Reflecting on a third romantic relationship where the roles were reversed, gives me some insights. She was a lovely person (and, I don't mean that as a euphemism for physically ugly, IMHO she was v physically attractive as well -even if she strongly disagreed with that assessment) intelligent, kind, the children in the village she lived in all used to swarm around her, and she had an incredible way with animals - she could raise tiny baby birds that neighbours saved from their cats, untill they fledged.
With hindsight, she was dissociating when I first broke the ice to get to know her, I was helping her father shovel fill out of a dump truck into the potholes on a gravel road, she was about 25 feet away, deep in a day dream, until I landed a shovel full of gravel into the muddy puddle right beside her and splashed her.
Her parents had divorced when she was 7, and she had grown up mostly with her mum and grandmother. Her mother was anorexic and with hindsight, a creepy boundary infringer ("We're more like sisters than mother and daughter". "Ooh, I wear R's clothes" yeah, and flirt with her male friends too - yuk!) she'd been physically and emotionally bullied at school, and had lost her grandmother and thought she was going to lose her mother through anorexia as well, the year before we met -
There's more there, but I think you'll get the picture.
She made the early moves, but soon withdrew, and a pattern soon developed of her being there and then withdrawing and me following after her trying to find ways to reach her and to give her confidence a lift when she was experiencing shame and low self esteem.
She'd withdraw, I'd follow, she'd withdraw (be triggered!) further: cycle repeats.
I didn't help that we lived about 100 miles apart, she didn't have a land line phone and this was long before the days of mobiles and the internet (the fast new computer at work was a 386 running DOS!), so communication was by snailmail, and calling by, if no one was in at the house, I'd stick a note through the door and go and sit in the village square (and get swamped with her little fans) while I waited to see if anyone showed up.
I don't think that I have more than average problems with abandonment (might be wrong), but boody hell, I did with her.
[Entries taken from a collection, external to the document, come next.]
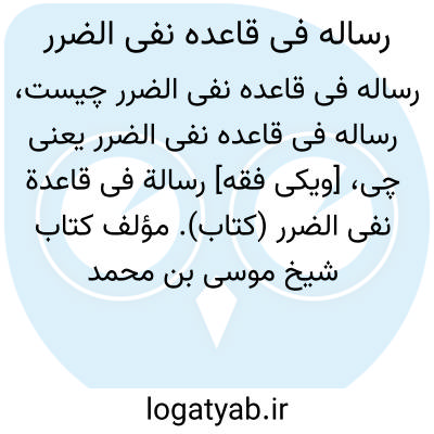 [ویکی فقه] رسالة فی قاعدة نفی الضرر (کتاب). مؤلف کتاب شیخ موسی بن محمد نجفی خوانساری از فقهای شیعه در نیمه اول قرن سیزدهم هجری و از علمای حوزه علمیه نجف اشرف و از بزرگان شاگردان مرحوم نائینی و متوفای سال ۱۳۶۳ هجری قمری است.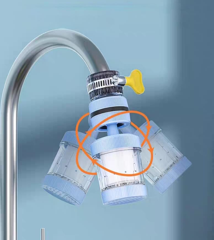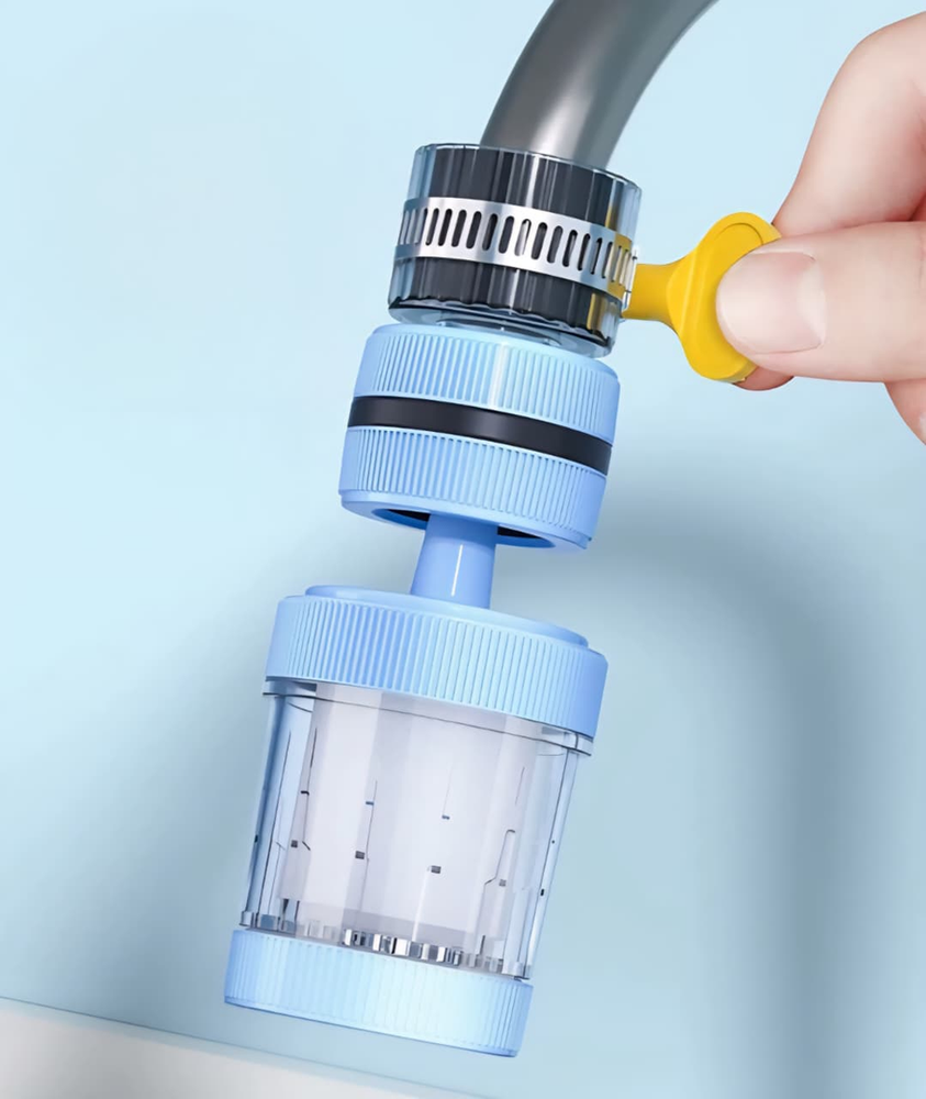 (Es un filtro de agua para grifo que se puede rotar 360 grados. Se utiliza para purificar el agua del grifo, eliminando sedimentos, impurezas, bacterias y otros contaminantes. Los purificadores de agua son importantes para la salud, ya que garantizan que el agua que se consume sea segura y saludable. Este tipo de filtro de agua se puede utilizar en el hogar, la oficina, etc).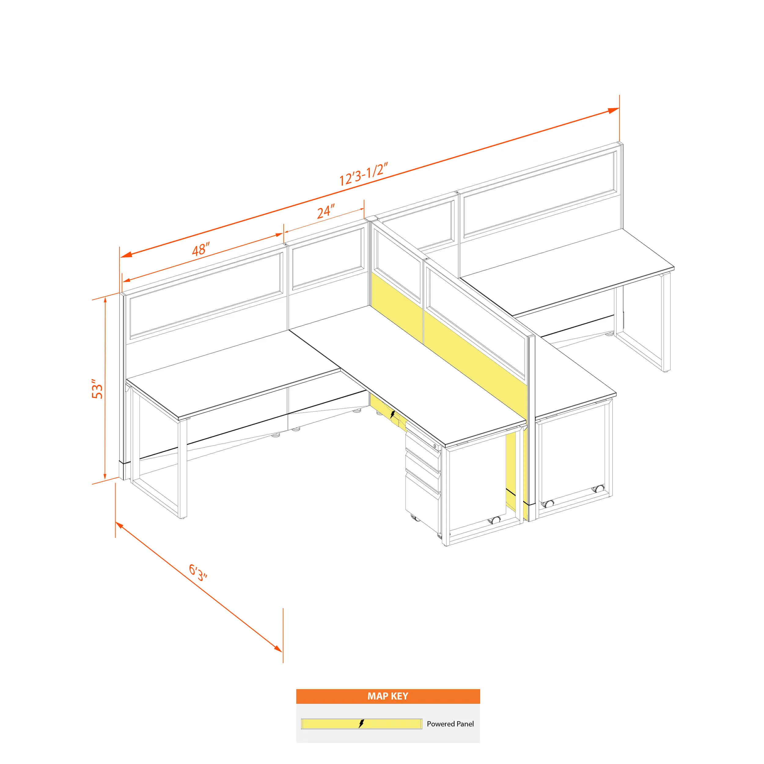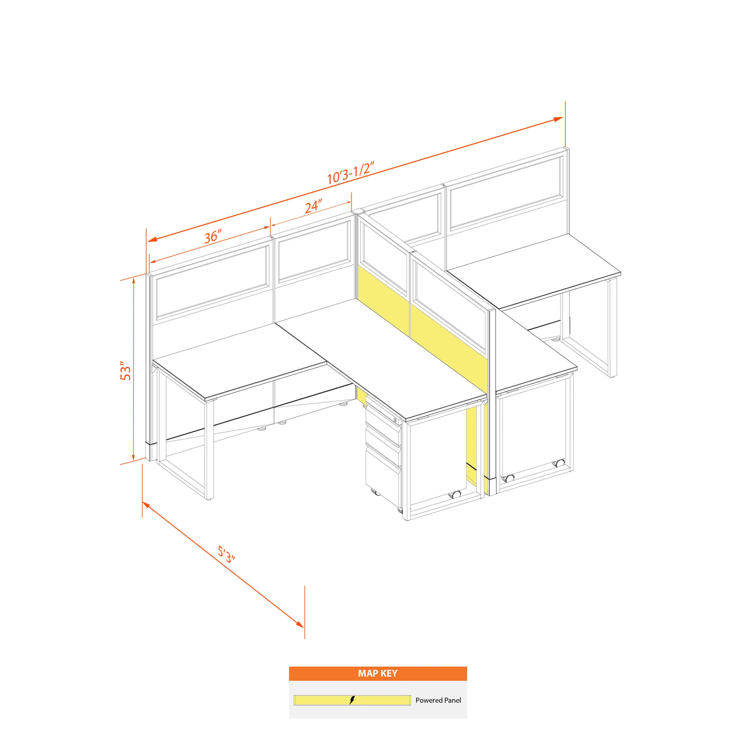 This configuration includes 2 stations in a mirrored arrangement (facing each other), defined by 53”H cubicle walls with windows that provide moderate boundaries, structural support, and channels for network/data cables (plus electricity, if you buy the powered model). Desk widths can be 60” or 72”.

Still do.
It's frightening to think that my own self isolating behaviours might have resulted in similar distress (or more! the relationships were far longer and deeper) for my other SOs.
anyone still reading? oh well, I'll carry on anyway
Does anyone else who isolates, retreats and freezes up recognize this?
How do you deal with it, or explain it to an SO, that it really isn't anything personal? I've been single and in hermit mode for a few years, and I'm coming out of it now, are some personality styles better at understanding than others, I know it really hurt one lady who has some borderline traits, and brought out the very worst in her.
With help, can you resist or be helped out of the urge to retreat and hide?